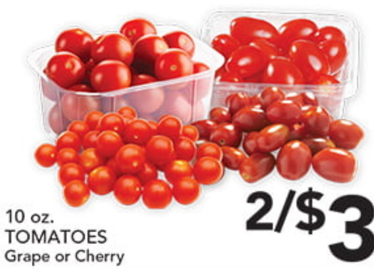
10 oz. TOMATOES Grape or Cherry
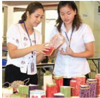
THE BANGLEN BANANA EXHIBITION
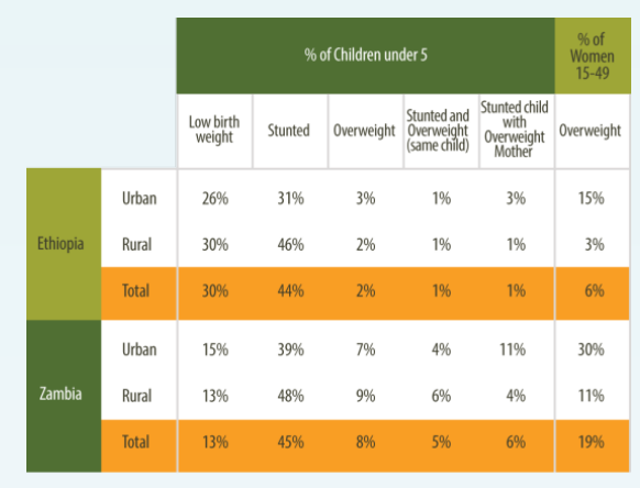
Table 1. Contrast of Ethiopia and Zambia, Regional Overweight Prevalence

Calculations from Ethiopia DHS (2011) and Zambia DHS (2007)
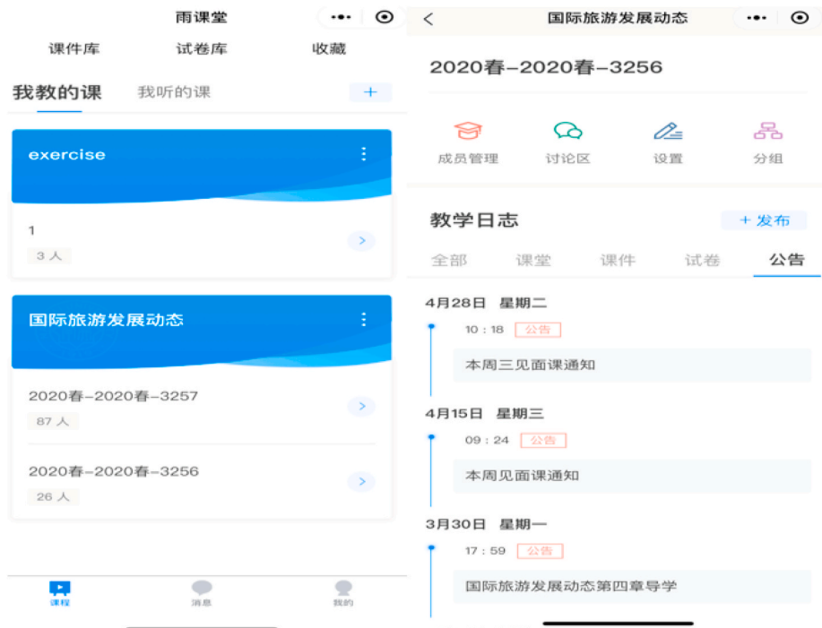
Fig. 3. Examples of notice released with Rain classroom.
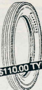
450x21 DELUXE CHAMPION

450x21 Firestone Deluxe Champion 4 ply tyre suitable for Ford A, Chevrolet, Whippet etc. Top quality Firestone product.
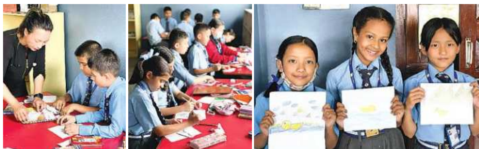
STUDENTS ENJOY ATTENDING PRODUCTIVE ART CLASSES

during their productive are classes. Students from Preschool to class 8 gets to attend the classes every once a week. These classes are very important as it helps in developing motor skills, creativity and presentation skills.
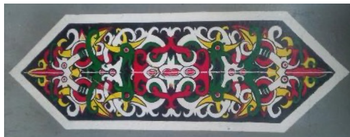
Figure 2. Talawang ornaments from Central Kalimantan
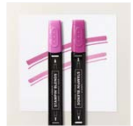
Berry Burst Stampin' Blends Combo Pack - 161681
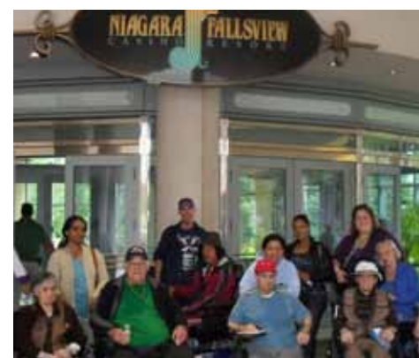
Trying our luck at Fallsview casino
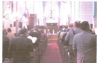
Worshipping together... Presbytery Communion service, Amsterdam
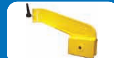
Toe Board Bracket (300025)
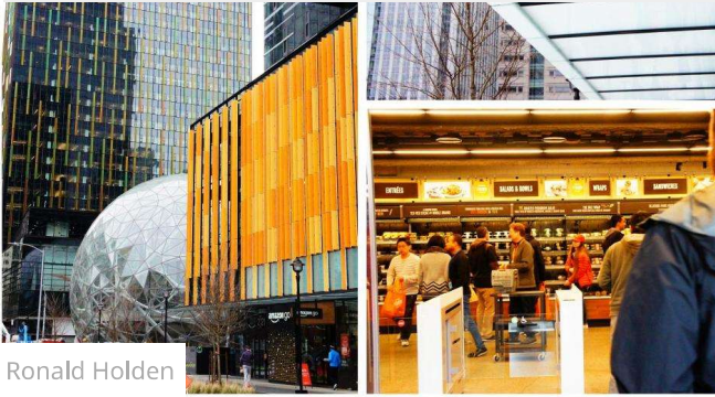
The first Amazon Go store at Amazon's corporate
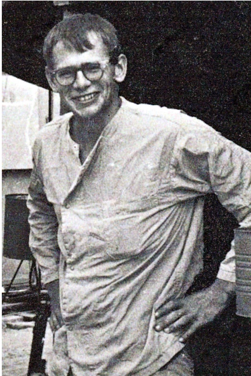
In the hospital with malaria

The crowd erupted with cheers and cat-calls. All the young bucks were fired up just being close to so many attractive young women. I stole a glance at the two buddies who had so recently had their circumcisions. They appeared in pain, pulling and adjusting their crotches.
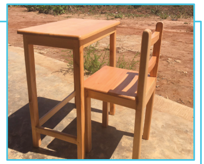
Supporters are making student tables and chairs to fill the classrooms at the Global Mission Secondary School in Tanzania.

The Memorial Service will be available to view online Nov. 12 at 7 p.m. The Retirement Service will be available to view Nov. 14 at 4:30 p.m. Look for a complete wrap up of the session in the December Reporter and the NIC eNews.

+--

Copy down every line of the material above that includes the string "Ethiopia".

** EXERCISE OUTPUT **
Table 1. Contrast of Ethiopia and Zambia, Regional Overweight Prevalence
Calculations from Ethiopia DHS (2011) and Zambia DHS (2007)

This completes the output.